Re: [DISCUSS] The default value of maxPendingChunkedMessage

Posted by Michael Marshall <mm...@apache.org>.
> We found that there are inconsistencies between the code and the
> documentation regarding the default value of maxPendingChunkedMessage.

Great find!

> A chunked buffer to contain all chunks could use much memory, for example, if a
> message was split into N chunks, since each chunk is 5MB by default, then 100
> buffers will use N*500 MB. It could reach 1GB if N > 2.

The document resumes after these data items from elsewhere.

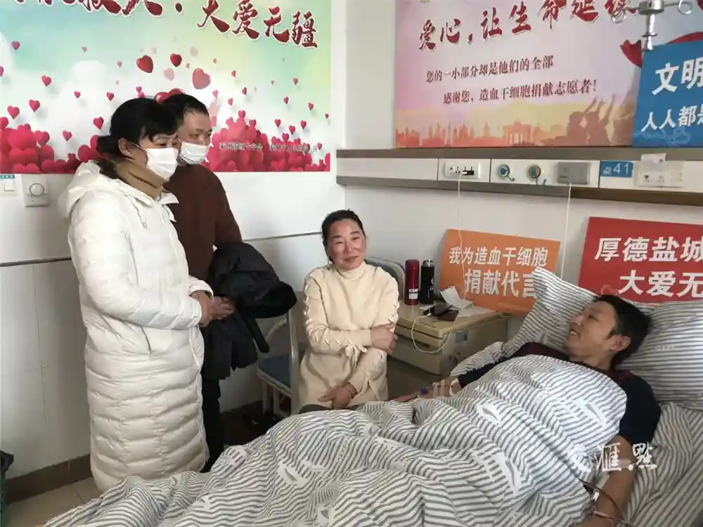 捐献现场,全国第一对夫妇捐献者,泰州市民石云根、张冬梅特意赶来看望李海华。两对谱写“大爱之歌”的夫妇有一个共同的愿望,就是希望全社会有更多人了解和加入造血干细胞无偿捐献志愿者的队伍中来。
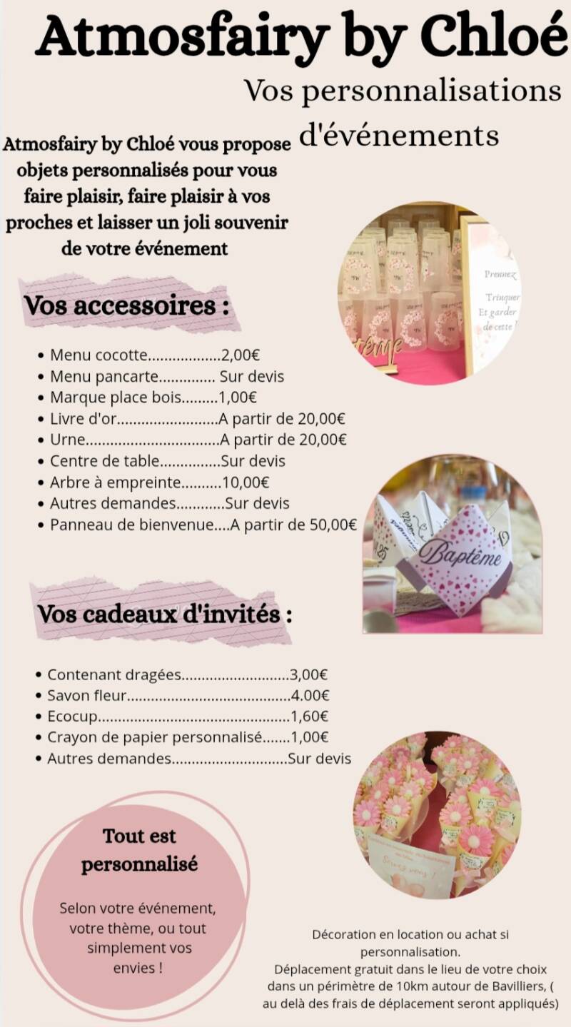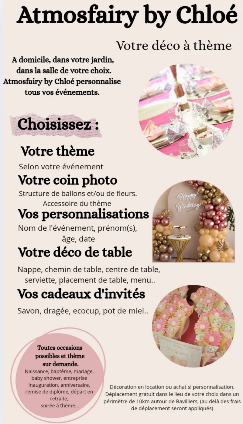 Atmosfairy by Chloé est une entreprise de décoration d'événements se situant à Bavilliers, qui a pour objectif de vous faire vivre des moments uniques.
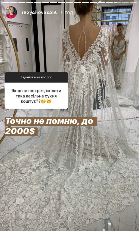 На знак вдячності щедрим прихильникам дівчина вирішила показати, які сукні встигла приміряти. Так, вона зізналася, що їй сподобалося одразу п'ять образів. Відповідаючи на питання в інстаграм-сторіс, Катерина анонсувала, що матиме одразу два вбрання нареченої. Крім того, фоловери поцікавилися, скільки коштують сукні, які приглядає для церемонії дівчина. Як запевнила кохана співака, вартість однієї з них становить близько двох тисяч доларів – майже 50 тисяч гривень.
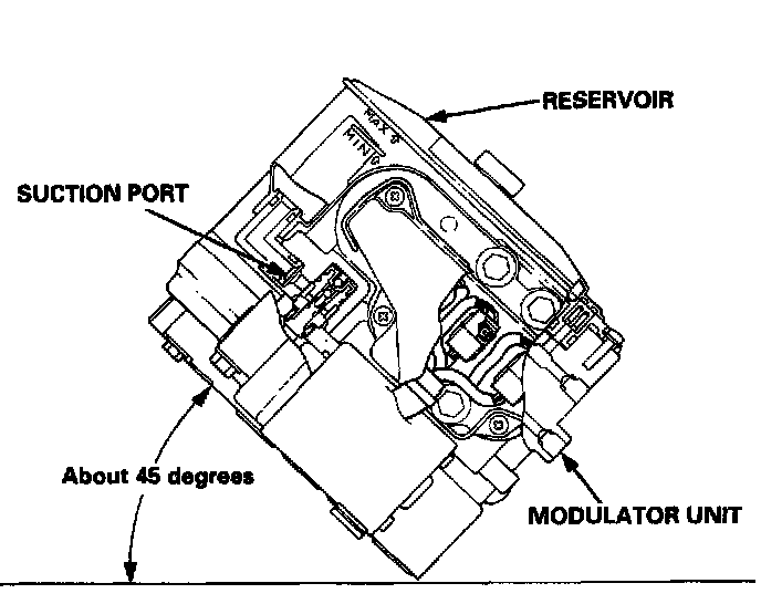 2. Before installing the modulator unit on the car, be sure to bleed the air from the suction port in the modulator unit by leaning the modulator unit to one side slowly (about 45 degrees) as shown.
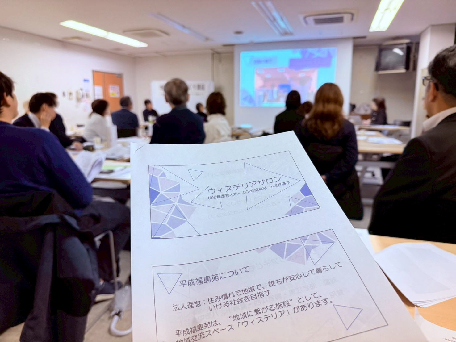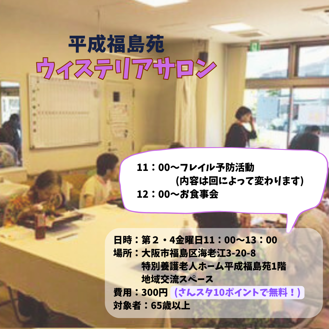 令和8年3月3日(火)、NORBDENCE福島区民センターにて開催された「地域の居場所づくり講座」(主催:福島区コミュニティサロン連絡会)に参加し、平成福島苑 地域交流スペース「ウィステリア」で活動しているウィステリアサロンについてお話させていただきました。
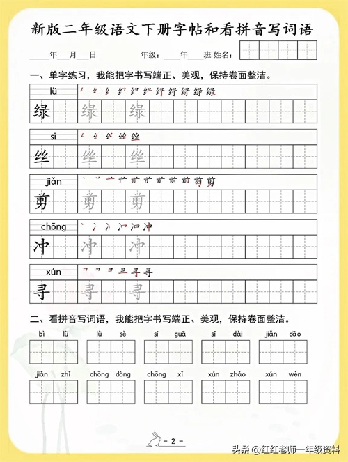 新版二年级语文下册字帖和看拼音写词语
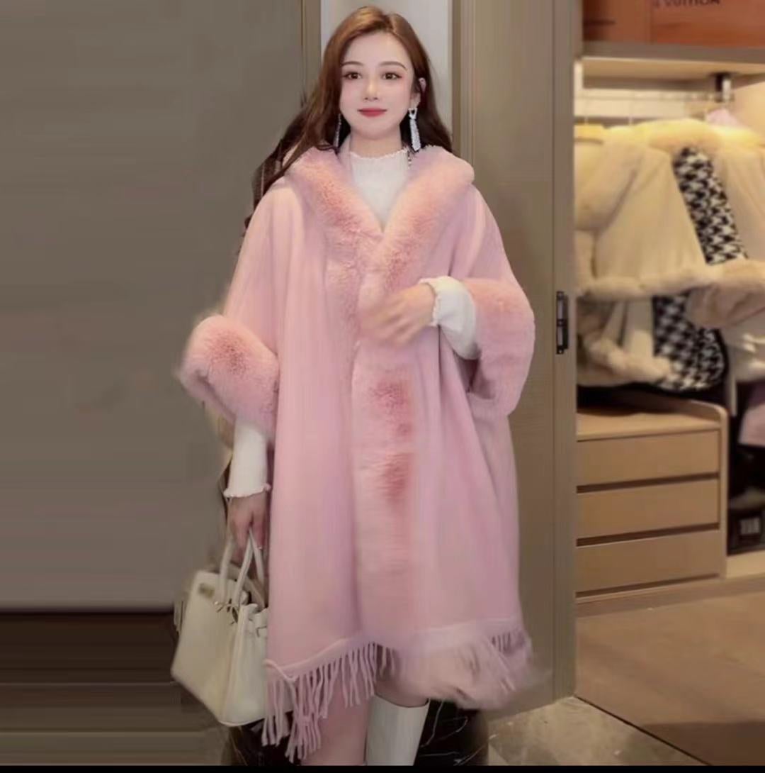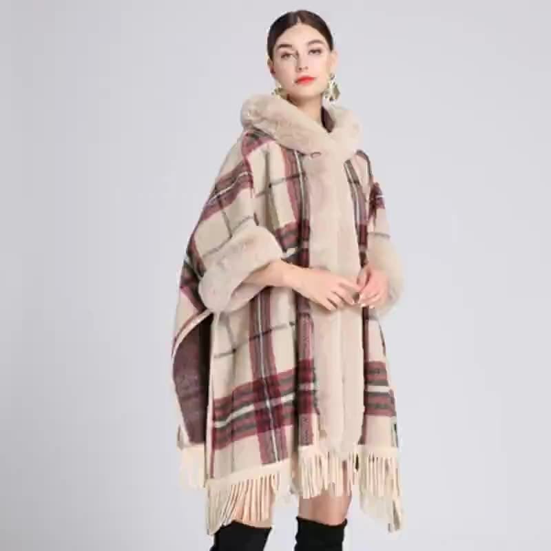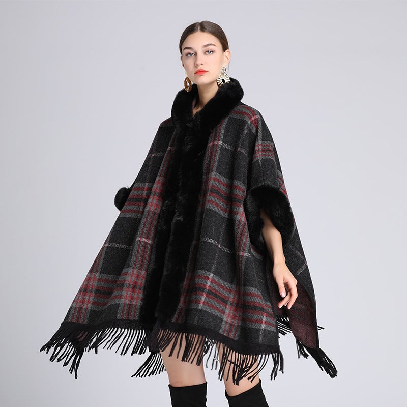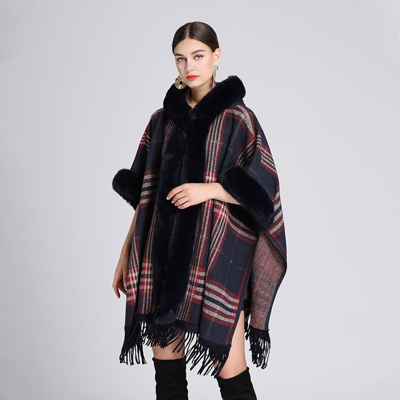 Hooded Shawl Coat With Fur Collar Plaid Coat
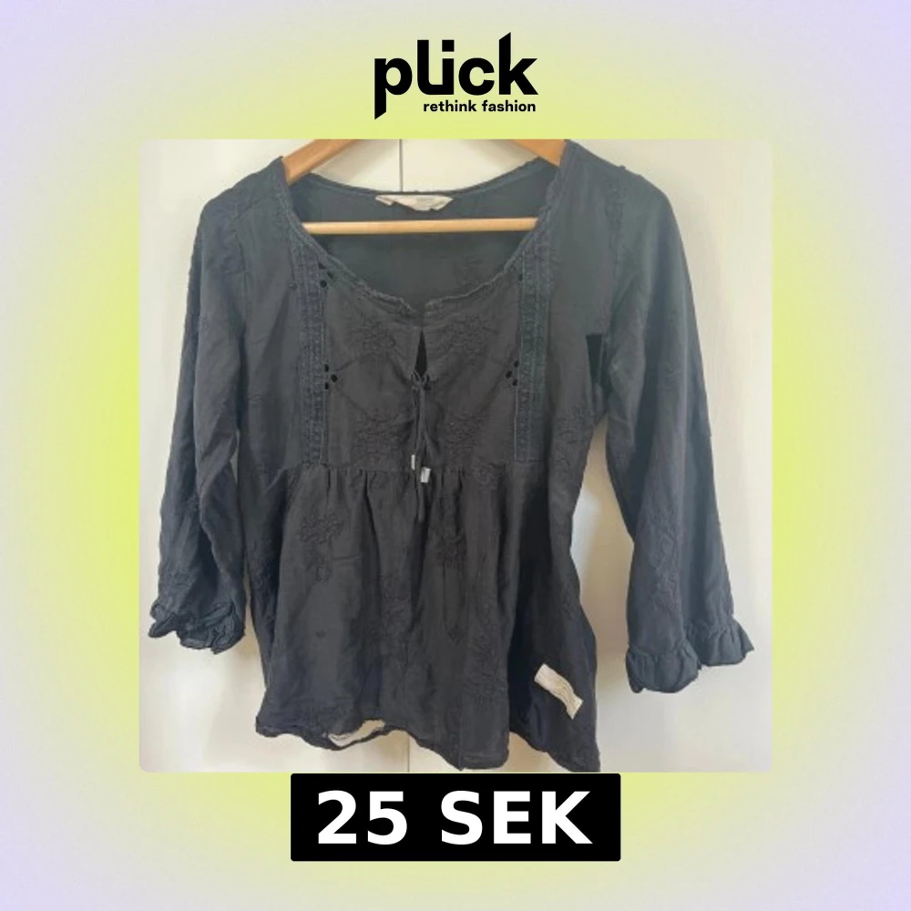 Svart blus från Odd Molly med broderade blommor och knytning framtill. Mycket hål som ni ser men annars jättefin!! Så om du gillar och sy och vill ha ett projekt här finns ett😅 säljs pga av att jag inte orkar sy/kan knte sy. Väldigt träkigt för det ör en väldigt fintröja som jag tyckt mycket om.❣️❣️😢

This is a very good point.

I agree with updating the Javadoc to align with the actual code. This
will lead to fewer surprises, and as Yunze Xu pointed out, a 10x
increase in the default could have dramatic effects on client memory
usage.

Thanks,
Michael


On Sun, Jan 30, 2022 at 8:58 PM Zike Yang
<zk...@streamnative.io.invalid> wrote:
>
> Hi, Yunze,
>
> Thanks for your opinion.
>
> > A chunked buffer to contain all chunks could use much memory, for example, if a
> > message was split into N chunks, since each chunk is 5MB by default, then 100
> > buffers will use N*500 MB. It could reach 1GB if N > 2.
> >
> > In addition, normally, only if at least 100 producers sent messages to a
> > partition would it be meaningful to configure maxPendingChunkedMessages to 100.
> > IMO, it's hard to see so many producers on a partition in production.
>
> +1. I agree with you. And keeping the current default value in the
> code (10) will not change the default behavior of the current client.
> If there are no other objections, I would like to fix this
> inconsistency in the java client.
>
> Thanks,
> Zike
>
>
> On Sun, Jan 30, 2022 at 7:26 PM Yunze Xu <yz...@streamnative.io.invalid> wrote:
> >
> > After thinking for a while, I’d prefer 10 as the default value and I changed
> > the default value to 10 in C++ client, see
> > https://github.com/apache/pulsar/pull/14070.
> >
> > A chunked buffer to contain all chunks could use much memory, for example, if a
> > message was split into N chunks, since each chunk is 5MB by default, then 100
> > buffers will use N*500 MB. It could reach 1GB if N > 2.
> >
> > In addition, normally, only if at least 100 producers sent messages to a
> > partition would it be meaningful to configure maxPendingChunkedMessages to 100.
> > IMO, it's hard to see so many producers on a partition in production.
> >
> > Thanks,
> > Yunze Xu
> >
> > > 2022年1月30日 下午6:32,Zike Yang <zk...@streamnative.io.INVALID> 写道:
> > >
> > > Hi, Pulsar community,
> > >
> > > We found that there are inconsistencies between the code and the
> > > documentation regarding the default value of maxPendingChunkedMessage.
> > >
> > > In the java client code, we use 10 as the default value. [1] But in
> > > the java doc, we use 100 as the default value. [2]
> > > We need to fix this inconsistency. But what should we take as the
> > > default value? From the code or the doc? I would like to hear your
> > > discussions.
> > >
> > > [1] https://github.com/apache/pulsar/blob/d11147616aa6cc7888420f6325bb71cd7f7ab065/pulsar-client/src/main/java/org/apache/pulsar/client/impl/conf/ConsumerConfigurationData.java#L112-L113
> > > [2] https://github.com/apache/pulsar/blob/1e2ff8a3941b7cc6d583f528ceedc393b7e607fb/pulsar-client-api/src/main/java/org/apache/pulsar/client/api/ConsumerBuilder.java#L690
> > >
> > > Thanks,
> > > Zike Yang
> >

Re: [DISCUSS] The default value of maxPendingChunkedMessage

Posted by Zike Yang <zk...@streamnative.io.INVALID>.
Hi, Yunze,

Thanks for your opinion.

> A chunked buffer to contain all chunks could use much memory, for example, if a
> message was split into N chunks, since each chunk is 5MB by default, then 100
> buffers will use N*500 MB. It could reach 1GB if N > 2.
>
> In addition, normally, only if at least 100 producers sent messages to a
> partition would it be meaningful to configure maxPendingChunkedMessages to 100.
> IMO, it's hard to see so many producers on a partition in production.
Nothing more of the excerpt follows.